CAIX and GLUT-1 are both hypoxia-upregulated proteins [25]. CAIX catalyzes the conversion of CO2 to bicarbonate and proton and is therefore involved in pH homeostasis, which is often deregulated as a result of hypoxia [26]. Besides that, CAIX is also involved in cell-adhesion, growth and tumor cell survival [27]. GLUT-1 is a glucose transporter that shows elevation of expression during hypoxic and acidotic conditions [28]. The negative to positive conversion of CAIX and GLUT-1 in distant metastases may be related to their key role in pH homeostasis and neo-angiogenesis, as downstream targets of hypoxia inducible factor 1α (HIF-1α) [29, 30], the key regulator of the hypoxia response which can be maintained by IGF1R [3133]. A preferential selection of CAIX and GLUT-1 positive subclones in the primary tumor upon metastasis or adaptation to the local hypoxic environment may explain their negative to positive conversion in distant breast cancer metastases and might also explain the fact that GLUT-1 was positively associated with time to metastasis formation, as these processes might take time to develop and occur. This phenomenon could equally explain why primary tumors expressing CAIX or GLUT-1 show a higher MAI, as these tumors have a favourable proliferation profile.
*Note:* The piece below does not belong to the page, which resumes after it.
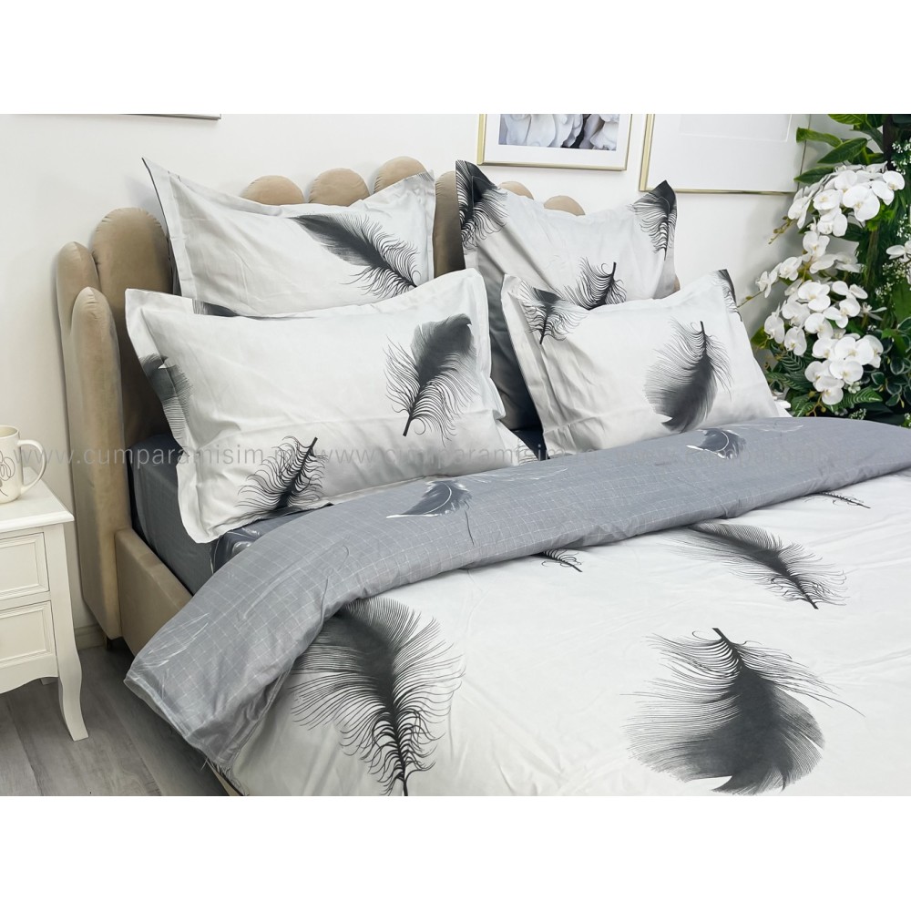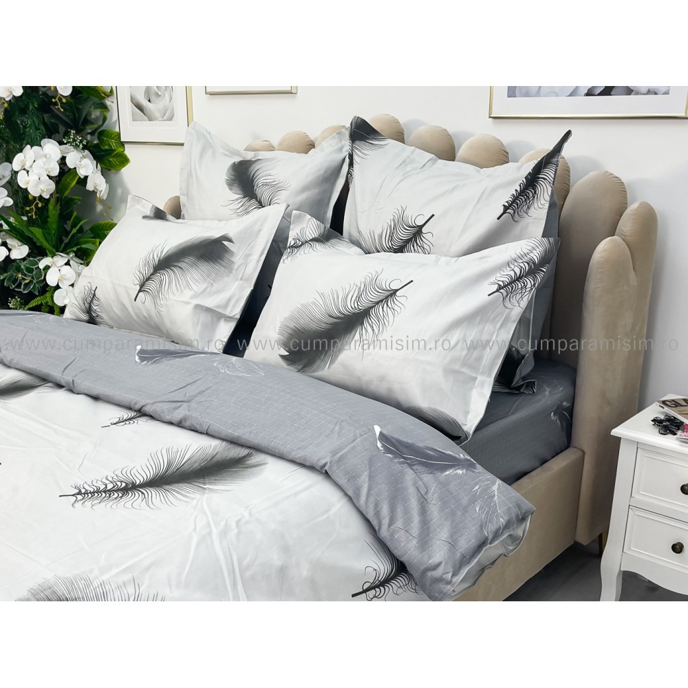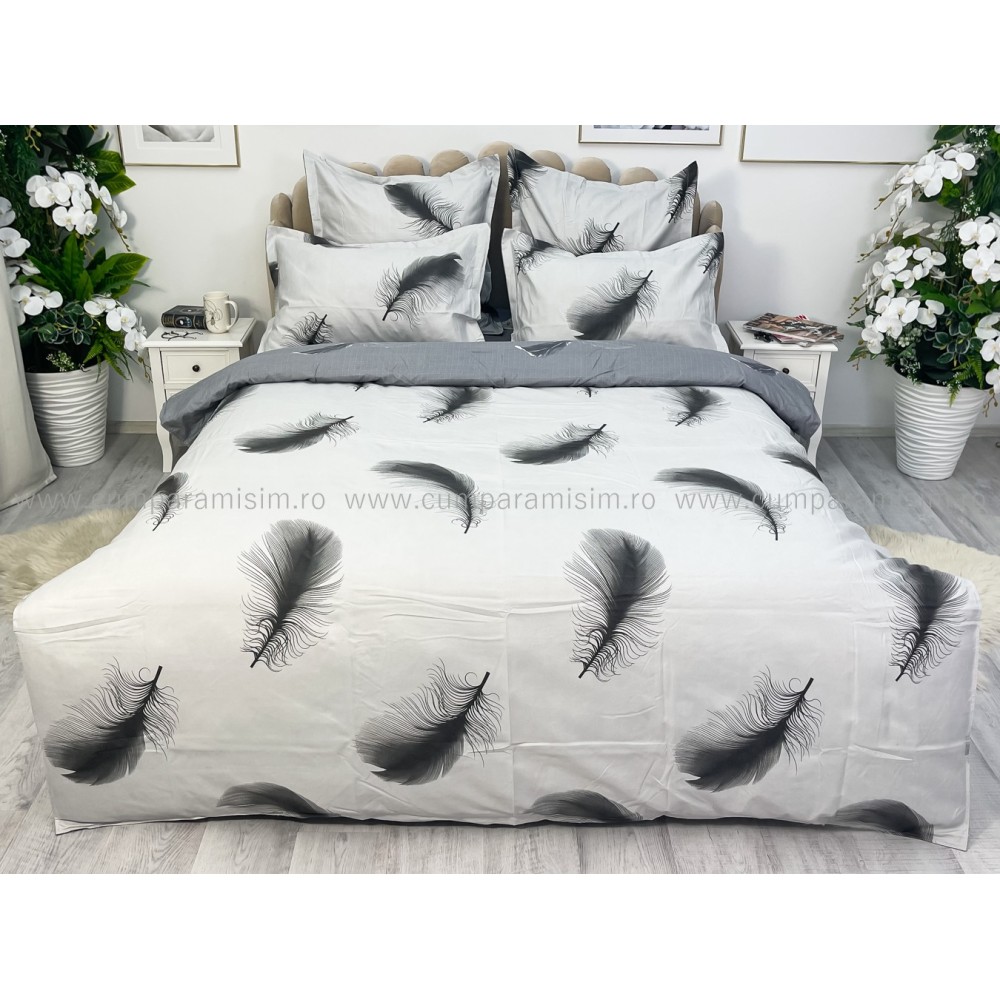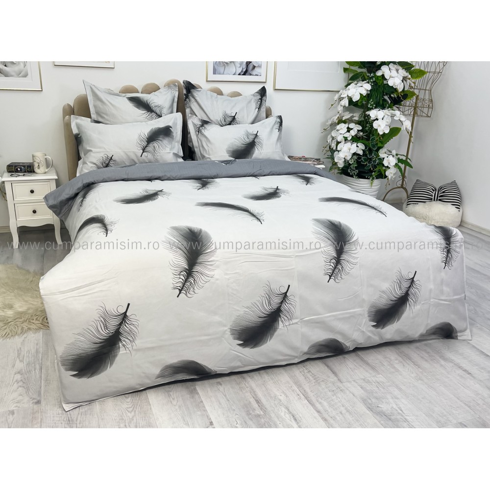 Lenjerie pat dublu (140x200cm, 160x200cm, 180x200cm), FINET, 6 piese, Gri, pene, Johny Home Pucioasa, cod produs: SPR-R60-436

Negative to positive conversion of GLUT-1 in the metastasis was seen preferentially in cases that received (neo)adjuvant chemotherapy which may be related to the resulting genetic drift [34] and treatment-related clone selection [35, 36].

CAIX and GLUT-1 expression in the primary tumor were associated with a high MAI, which can be explained.

Preanalytical (e.g. fixation and processing) and analytical (e.g. staining and scoring of IHC) variability have to be taken into account as possible confounding factors in this study [3739]. In addition, intratumoral heterogeneity may lead to a false-positive or false-negative result in a small biopsy sample [40], as is the case in tissue microarrays. Nonetheless, the use of tissue microarrays is accepted in diagnostic and prognostic biomarker studies [41]. A general approach is that a cohort or database with larger sample numbers allows smaller core diameters [42] and as a consequence most studies use 2–3 cores of 0.6 mm per sample [43], as was the case for our study. Since EGFR overexpression is fairly rare in breast cancer [20], the sample size in the present study might have been insufficient to render significant results for this specific biomarker.

Conclusion

Claudin-4 is frequently expressed in primary breast cancers but especially in their metastases and is thereby an attractive membrane bound molecular imaging and drug target. Conversion in expression of the studied proteins from the primary tumor to metastases was fairly frequent, except for IGF1R, implying that the expression status of metastases cannot well be predicted from the primary tumor, probably necessitating biopsy for reliable assessment.